::: AVAILABLE RECORDS :::

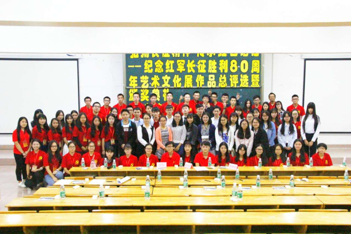 11月18日,学习会艺术设计学院分会在教学楼A107室举办了“弘扬长征精神,传承红色记忆”——纪念红军长征胜利80周年艺术文化展作品总评选暨颁奖典礼活动。出席本次活动的嘉宾和评委有学习会会计学院分会指导老师蓝乐钿,艺术设计学院2013级辅导员黄荣美,学习会艺术设计学院分会指导老师蒲艳,以及学习会各学院分会理事会干部。
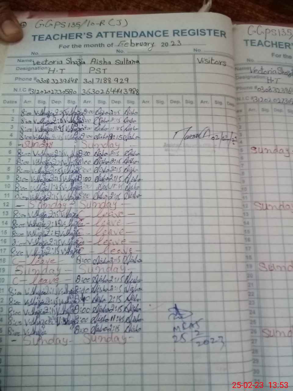 | Name: Ve**** Sh**** Designation: (School Headmaster's/Headmistress's) ESE (ARTS) Phone/Cell Number: 03**** |
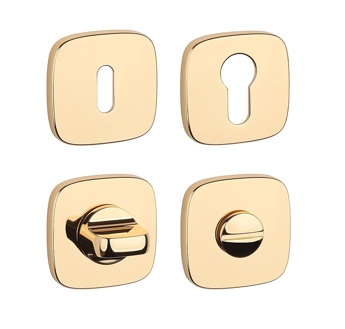 Provedení: oválný otvor pro interiérový klíč (BB), otvor pro cylindrickou vložku (PZ), WC set s vmontovaným klíčem. Balení obsahuje 2 kusy rozet (pár) a rozety WC jsou v balení jako set.
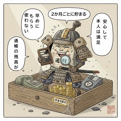 年金の支給で、2か月ごとに通帳の残高が増えているから。
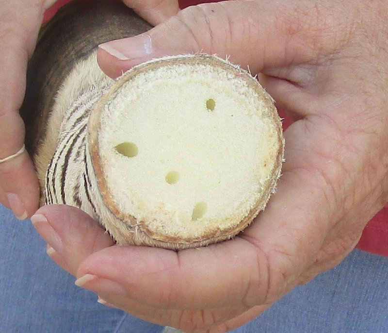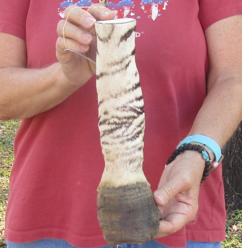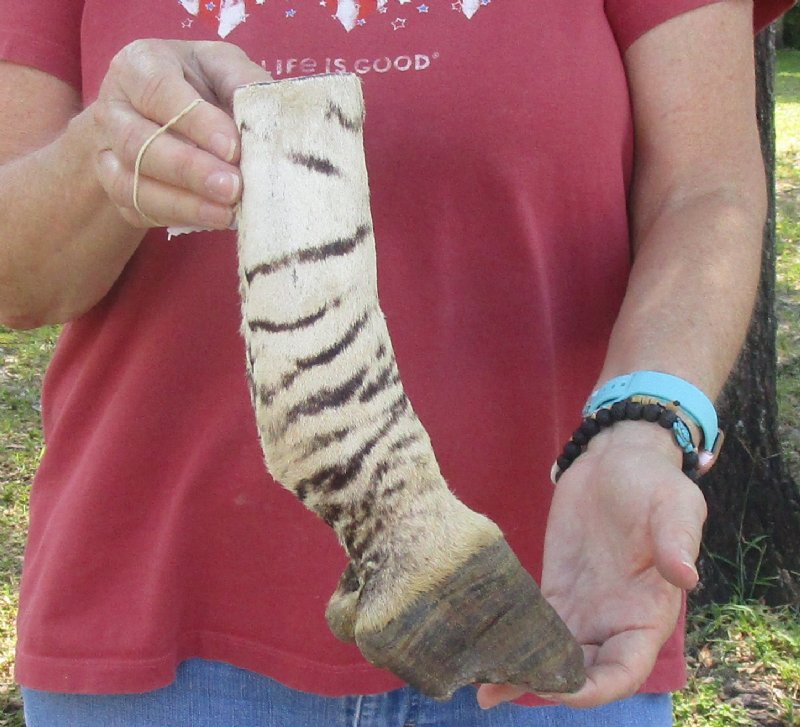 African Zebra Foot Mount (Equus burchelli) for sale, measuring approximately 10 inches tall. This zebra foot mount was professionally tanned and mounted by a South African taxidermist. -  Does not stand on its own. There is visible stitching on the backs of these foot mounts.  Review all photos. The zebra feet are from wild African zebra and will have natural imperfections (bald spots, wear on hoofs, etc.) that are found on all wild animal feet. The Zebra was obtained from the African Government's culling programs and was cleared for legal entry into the U.S. by the U.S. Fish and Wildlife Service and U.S. Customs.
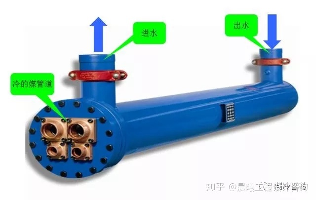 - 满液式换热器:水在铜管里面流。
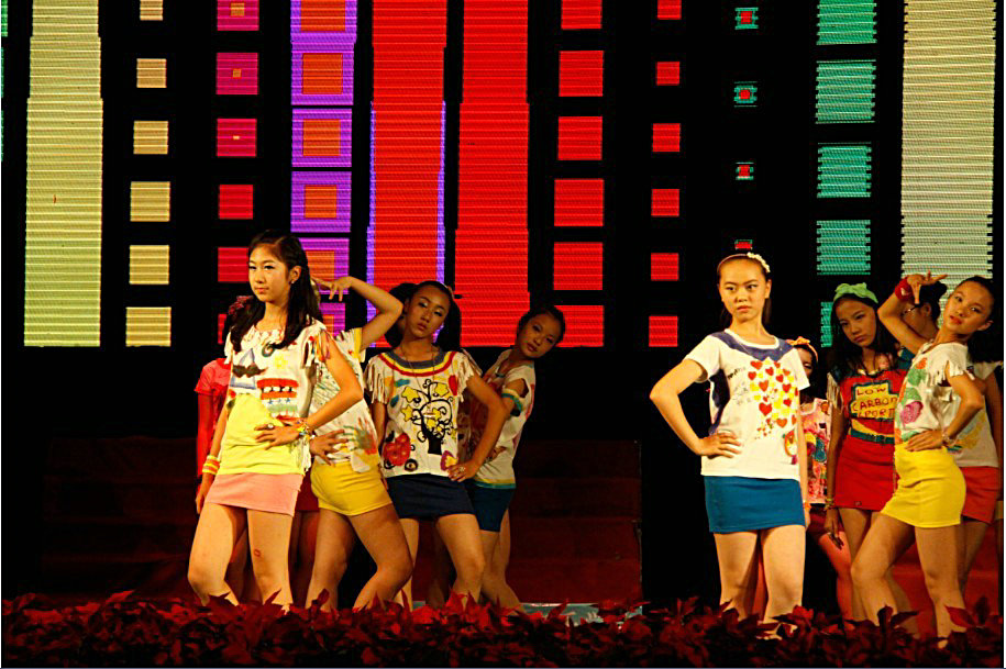 本次汇演在学校领导的重视关心下,由初2015级全体师生精心准备,倾注大量心血,节目丰富多彩,别具一格。管乐合奏《龙舌兰》热情欢快,激情飞扬;啦啦操动感十足;灯笼秀让大家看到了狮山少年墨笔下的中国美,孩子们自己设计的服装和五彩面具走秀,大胆创新极赋时代感;黑暗中的手影舞神秘而充满魅力;歌伴舞《爱的人间》绿裙轻舞飞扬,童声婉转悠扬;现代舞的女孩魅力动人,男孩帅气十足;《跳弦》更是刮起了一阵绚丽的民族风,把活动推入了一个小高潮。这些精彩纷呈的节目充分展示了狮山少年的活力与风采!
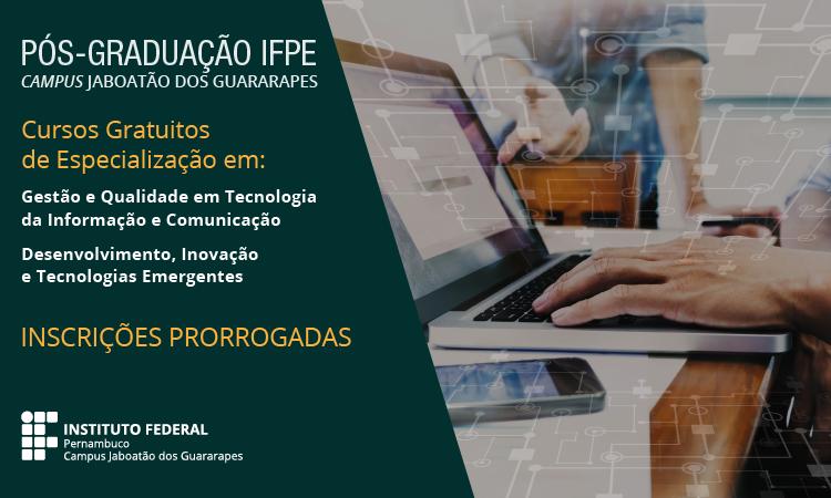 Foram prorrogadas, nesta sexta (22), as inscrições para seleção de candidatos para preenchimento das vagas dos cursos de Especialização em Gestão e Qualidade em Tecnologia da Informação e Comunicação e de Especialização em Desenvolvimento, Inovação e Tecnologias Emergentes. Os cursos são oferecidos pelo Campus Jaboatão dos Guararapes do Instituto Federal de Educação, Ciência e Tecnologia de Pernambuco (IFPE). Agora, as inscrições poderão ser realizadas até o dia 31 de janeiro, no site: processoseletivopos.jaboatao.ifpe.edu.br, segundo documentação e orientações contidas no edital. Tanto as inscrições quanto a oferta dos cursos são gratuitas. As aulas serão presenciais e acontecerão no próprio campus, com previsão de início para 19 de abril de 2021.
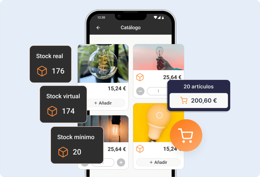 Controla el stock real y virtual de todos tus almacenes, añade fotos ilimitadas y gestiona servicios como mano de obra, transporte o desplazamientos, incluyendo tarifas especiales por cliente o zona.

:::

ABOUT THIS EXERCISE:
Copy every line exactly, from the opening line of the entries down to the line holding "- 满液式换热器:水在铜管里面流。", and keep the pictures out.

RESULT OF THE EXERCISE:
 11月18日,学习会艺术设计学院分会在教学楼A107室举办了“弘扬长征精神,传承红色记忆”——纪念红军长征胜利80周年艺术文化展作品总评选暨颁奖典礼活动。出席本次活动的嘉宾和评委有学习会会计学院分会指导老师蓝乐钿,艺术设计学院2013级辅导员黄荣美,学习会艺术设计学院分会指导老师蒲艳,以及学习会各学院分会理事会干部。
 | Name: Ve**** Sh**** Designation: (School Headmaster's/Headmistress's) ESE (ARTS) Phone/Cell Number: 03**** |
 Provedení: oválný otvor pro interiérový klíč (BB), otvor pro cylindrickou vložku (PZ), WC set s vmontovaným klíčem. Balení obsahuje 2 kusy rozet (pár) a rozety WC jsou v balení jako set.
 年金の支給で、2か月ごとに通帳の残高が増えているから。
 African Zebra Foot Mount (Equus burchelli) for sale, measuring approximately 10 inches tall. This zebra foot mount was professionally tanned and mounted by a South African taxidermist. -  Does not stand on its own. There is visible stitching on the backs of these foot mounts.  Review all photos. The zebra feet are from wild African zebra and will have natural imperfections (bald spots, wear on hoofs, etc.) that are found on all wild animal feet. The Zebra was obtained from the African Government's culling programs and was cleared for legal entry into the U.S. by the U.S. Fish and Wildlife Service and U.S. Customs.
 - 满液式换热器:水在铜管里面流。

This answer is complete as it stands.